This month, we’re zooming out to share one of the most important and recent developments in online safety.
In the new book Behind Their Screens: What Teens are Facing and Adults are Missing, authors and researchers Emily Weinstein and Carrie James share the findings of over 10 years of studying youth online, including bringing youth into the research process, itself. (Official book website) The result is a rich and nuanced picture of how we might more effectively accomplish safety goals (many of which are more aligned with kids than we imagine).
Any parent or professional who works with kids will find value in this book, but we also want to share some takeaways as they pertain to child sexual abuse prevention:
There is no one type of internet usage:
Apps that are used for risky behaviors are also used for positive ones. This is easily seen in an example like Youtube, where kids can learn and grow, but also potentially be exploited. But even apps like Discord, a messaging service that is too often used to exchange Child Sexual Abuse Material (CSAM), have diverse uses. Teens have used private Discord chats to support each other academically and mentally, especially in the pandemic.
Kids are not unaware or unconcerned:
When we approach kids as adversaries in the mission to keep them safe, we fail to recognize all the ways kids already do think and worry about their safety and online wellbeing. From screen time, to predators, to leaked photos, and much more, some kids think about and navigate these risks daily. Knowing that can make them collaborators in their safety.
There are different motives and outcomes to sexting:
While all sexting is risky, it is not all equally so, and it does not always lead to feelings of harm, even among adults reflecting in hindsight. The spectrum of motives that cause adults to engage in this risky behavior also motivate some kids. When sexting has been experienced as positive, worst-case messages and stories may detract from adults’ credibility or influence.

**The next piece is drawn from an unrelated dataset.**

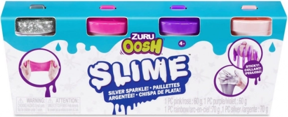 Geniet van uren creatieve fun met ZURU OOSH slime in een handige 4‑pack met kleine tubes. De slime is niet‑toxisch, niet‑kleverig, aangenaam rekbaar en helpt stress te verminderen. In de verpakking vind je roze, paarse, zilveren en regenboog slime met een glinsterend effect. Prijs geldt per doos met 6 sets.

The details are essential:
Emotionally and legally, the specifics of an online exchange of explicit images matters. Whether images were consensual, coerced, or shared without permission; whether a child was sender, recipient, or forwarder; the risks, outcomes, and best actions vary depending on each individual situation.
We are under-equipping kids for their circumstances:
Because sweeping messages and warnings have not fully spoken to kids’ more nuanced experiences, they are left to solve specific problems alone. The result is, for example, TikTok videos explaining steps to take to secretly embed the name of the person receiving a nude image, in case the sender needs to prove someone forwarded the image in the future. While we wish many of these situations did not exist, it is still in everyone’s best interest if adults and kids come together to tackle them.